„Boom” na odnawianie starych kamienic w Gliwicach. Poprawią wygląd miasta?

Ostatnie miesiące to dobry okres dla starych, zaniedbanych kamienic w Gliwicach. Coraz więcej właścicieli decyduje się na ich remont.

To zasługa nie tylko dobrej woli, ale też sporego arsenału ustaw, który niesie za sobą m.in. liczne ułatwienia inwestycyjne i zwolnienia podatkowe.

Pszczyńska, Korfantego, Jagiellońska, Wieczorka, Górnych Wałów – długo można wyliczać ulice, na których trwa lub właśnie zakończył się remont starych nieruchomości. Czym spowodowany jest ten mały „boom inwestycyjny”? Na gruncie gliwickim istotne znaczenie ma uchwała gliwickiej Rady Miejskiej o zwolnieniu z podatku od nieruchomości właścicieli kamienic wybudowanych przed 1945 rokiem. Z tego przywileju systematycznie korzysta coraz więcej osób. W 2012 roku było to 230 podatników, w 2013 już 323.


Łącznie w 2012 roku kwota zwolnienia z podatku od nieruchomości wyniosła 105.561,00 zł, natomiast w roku 2013 – 147.224,00 zł.

Gra jest warta świeczki, bo osoby fizyczne w lokalach, w których nie jest prowadzona działalność gospodarcza mogą liczyć na zwolnienie w wysokości do 100 proc. poniesionych kosztów remontu.

– Decyzje o przeprowadzeniu remontu kamienic mogą być spowodowane m.in stanem technicznym nieruchomości, chęcią poprawy estetyki budynku czy dużą świadomością właścicieli nieruchomości. Niewątpliwie uchwała Rady Miejskiej dotycząca zwolnienia z podatku od nieruchomości zachęca do poprawy estetyki kamienic – informuje Alina Knyps z Wydziału Podatków i Opłat Urzędu Miejskiego w Gliwicach.

Gliwicki Zakład Gospodarki Mieszkaniowej zwraca uwagę, że uchwała podjęta przez radnych to tylko jeden z elementów całego zbioru regulacji i udogodnień, z jakich mogą korzystać właściciele nieruchomości. Wśród nich jest m.in ustawa o wspieraniu termomodernizacji i remontów czy dotacje udzielane na remonty budynków zabytkowych i kredyty bankowe.

Gliwicki „lifting” miejskiej estetyki, nie obywa się jednak bez wpadek.

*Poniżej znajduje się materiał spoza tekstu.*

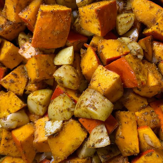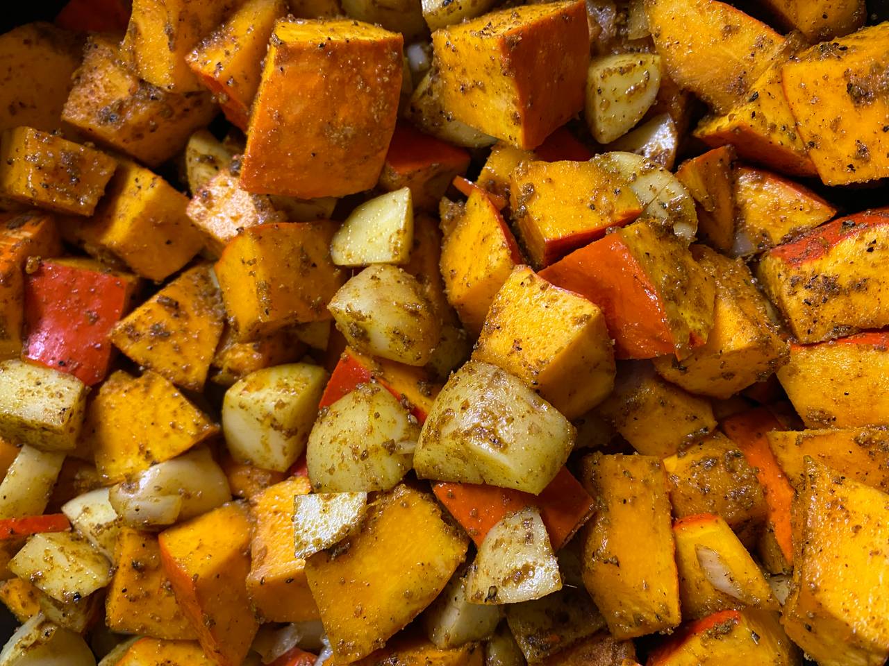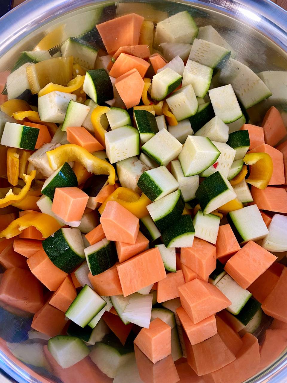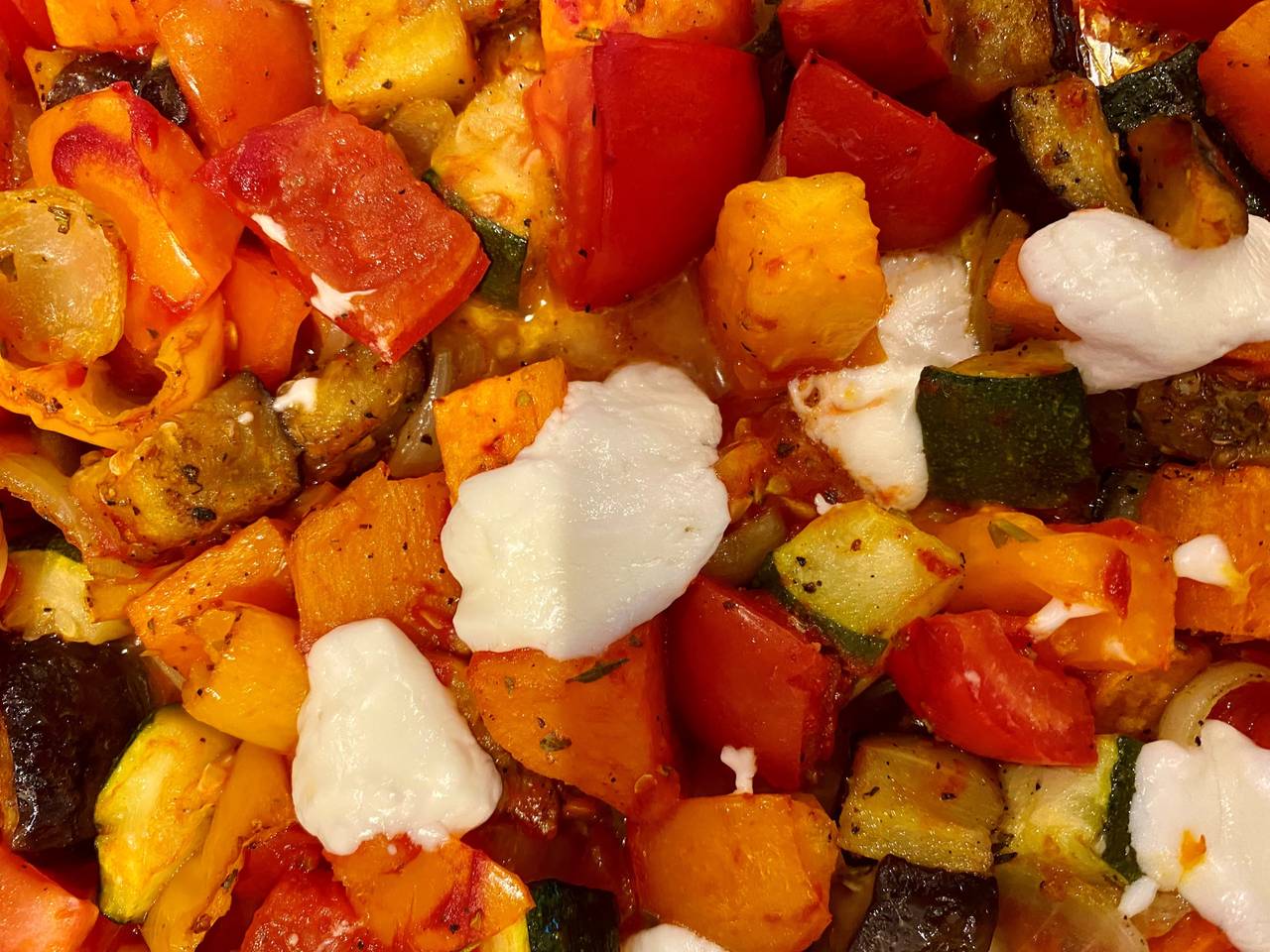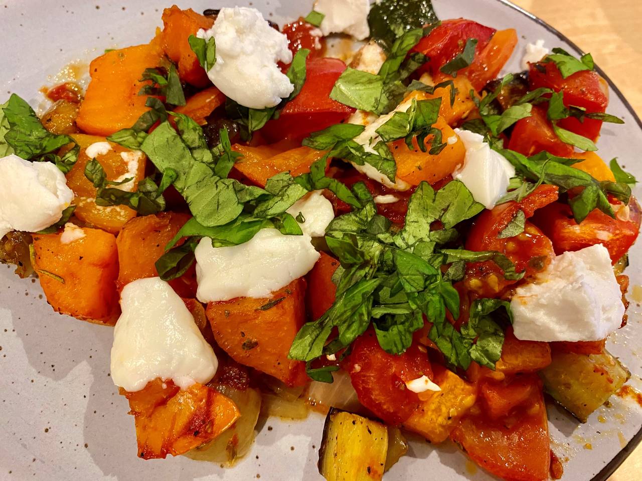 Dazu braucht ihr eine Zucchini, eine Aubergine, zwei Spitzpaprika oder eine große Paprika, eine mittelgroße Süßkartoffel, 2 Zwiebeln, Knoblauch nach Geschmack, ein Kürbis (davon nehme ich aber nur etwa die Hälfte je nach Größe), Thymian, Rosmarin, Oregano, eine frische Chilischote, Tomaten, Tomatenmark, Zitrone und Ziegenfrischkäse. Das Gemüse wird in gleichmäßige Würfel geschnitten und kommt bei 180 Grad für etwa 20 Minuten in den Ofen. Dann kommt der Trick à la Ratatouille mit den Tomaten, was das bedeutet hört ihr hier. Das Gericht ist ein komplettes Mittag- oder Abendessen. Wer mag kann aber noch etwas Brot dazu servieren oder etwas kurz gebratenes Fleisch nach Geschmack. Die Menge könnt ihr verdoppeln oder verdreifachen je nach der Anzahl der Esser. Nur nicht zu viel auf das Blech legen, die Stücke sollten nebeneinander liegen und gleichmäßig durchgaren.

Przy ul. Pszczyńskiej, obok ceglanej kamienicy z interesującą ornamentyką, odświeżono też na biało-fioletowo sąsiednią elewację (zdjęcie powyżej). Ten kontrast przyprawia o zgrzytanie zębami.

Niestety remontowe ożywienie, na razie mało widoczne jest na gliwickiej starówce. Tam zderzają się wystylizowane nową kostką brukową uliczki i stare, popadające w ruinę kamienice.
Czasu na modernizacje z przysługującą ulgą jest jednak jeszcze sporo. Z dobrodziejstw uchwały Rady Miejskiej można korzystać do 2021 roku.